Gradient Update #29: No Language Left Behind and Democratized Transformer Training

In which we discuss Meta's new AI translation model and two papers on transformers--one on a larger Swin Transformer and the other on democratizing transformer training.

Jul 19, 2022

Welcome to the 29th update from the Gradient! If you were referred by a friend, subscribe and follow us on Twitter!

News Highlight: Meta open sources early-stage AI translation tool that works across 200 languages

Summary

Meta AI has trained and released a new AI model that is capable of translating between over 200 languages, including many low-resource languages that previous systems do not support. They also developed evaluation procedures, collected data for low-resource languages, and conducted interviews with speakers of those languages. The crucial parts of this project are open sourced, including the final trained model, code for processing and creating language datasets, and an evaluation dataset.

Background

Machine translation technologies allow humans to communicate, consume, and learn with languages that they do not speak well. However, most of the progress in machine translation is focused on high-resource languages like English, Russian, and French, which have both large amounts of available data and investment into their development. Past work by Facebook AI developed a model that could translate between 100 languages, but many low-resource languages are still not supported by that model.
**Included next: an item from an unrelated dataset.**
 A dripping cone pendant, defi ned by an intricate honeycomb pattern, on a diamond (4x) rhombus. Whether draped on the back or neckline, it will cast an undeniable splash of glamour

In this recent work from Meta AI, termed No Language Left Behind, the 200 language barrier was broken by a new open-sourced model that is able to translate between any pair of over 200 languages. This model is a sparsely gated mixture of experts, meaning that it contains submodules that are selectively activated only for certain inputs. In particular, parts of the network are split into several independent feed-forward neural networks, of which only two are activated per token in an input, as in previous work. A gating network determines which feed-forward networks are used to process which tokens, which decreases computational cost of the model. The researchers have also released new data, including low-resource language data mined from the web and seed data translated by humans.

Why does it matter?

The internet holds copious information that is disproportionately tailored to high-resource languages; according to one source, about 64% of websites have content in English, whereas only about 26% of internet users speak English. Better machine translation that supports more languages could allow more and more people to interact with others and explore all that the internet has to offer.

Moreover, future technologies may be able to make even better use of machine translation. The No Language Left Behind project is part of a longer-term project by Meta to produce a “universal speech translator”, which would allow for new AR and VR experiences that are not limited by language barriers.
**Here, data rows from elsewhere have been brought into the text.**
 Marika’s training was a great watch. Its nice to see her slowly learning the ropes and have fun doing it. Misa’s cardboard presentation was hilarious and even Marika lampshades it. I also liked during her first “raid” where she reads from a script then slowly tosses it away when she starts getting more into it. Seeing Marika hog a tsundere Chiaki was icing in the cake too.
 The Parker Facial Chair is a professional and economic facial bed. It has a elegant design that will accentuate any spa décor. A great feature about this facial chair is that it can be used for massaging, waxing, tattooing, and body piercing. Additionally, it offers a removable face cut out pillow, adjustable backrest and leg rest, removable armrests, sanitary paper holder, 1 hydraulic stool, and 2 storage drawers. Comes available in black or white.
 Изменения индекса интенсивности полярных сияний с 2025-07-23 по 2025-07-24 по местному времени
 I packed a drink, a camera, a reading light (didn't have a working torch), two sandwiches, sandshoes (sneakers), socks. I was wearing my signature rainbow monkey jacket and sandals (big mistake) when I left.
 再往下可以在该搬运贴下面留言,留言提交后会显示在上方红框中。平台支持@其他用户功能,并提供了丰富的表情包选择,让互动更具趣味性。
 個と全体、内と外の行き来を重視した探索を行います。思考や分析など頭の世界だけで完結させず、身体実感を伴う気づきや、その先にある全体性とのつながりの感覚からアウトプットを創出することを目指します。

While machine translation has many benefits for society, development and use of these technologies has the potential for harm. Some of the low-resource-language speakers that were interviewed in this work note that the availability of high-resource language content may reduce incentives for creation of content in low-resource languages. Also, some of the interviewees note that machine translation would moreso benefit those with technological savvy and access to technology.

Editor Comments

Daniel: This is clearly pretty exciting–as already indicated, plenty of languages are underrepresented in translation datasets. The compelling potential for me here is a democratization of knowledge. People who only speak languages for which there are not as many translation resources may not be able to take advantage of much of the information on the internet like English speakers can, for instance. Models like NLLB may be a step towards changing that.

Paper Highlight: How to Train Your Transformer: Insights to democratize and scale LLM training

Image Source: Training Transformers Together

Summary

Large Language Models (LLMs) have recently driven huge successes in text-based image generation (such as DALL-E), natural language (such as GPT-3), and even robotics. However, such models have billions of parameters that require vast amounts of compute to train, making them accessible only to big corporations with financial means. Recent work from Hugging Face, HSE University, and the University of Washington demonstrates the use of collaborative training methodologies to effectively train an LLM, while another paper from Microsoft AI discusses techniques for scaling up vision transformers while using only a fraction of the compute power that would be required to train a billion parameter model generally. These research avenues not only show how transformers can be adapted to multiple tasks and beat current state-of-the-art models, but also provide resources for doing so in a decentralized, community-led way.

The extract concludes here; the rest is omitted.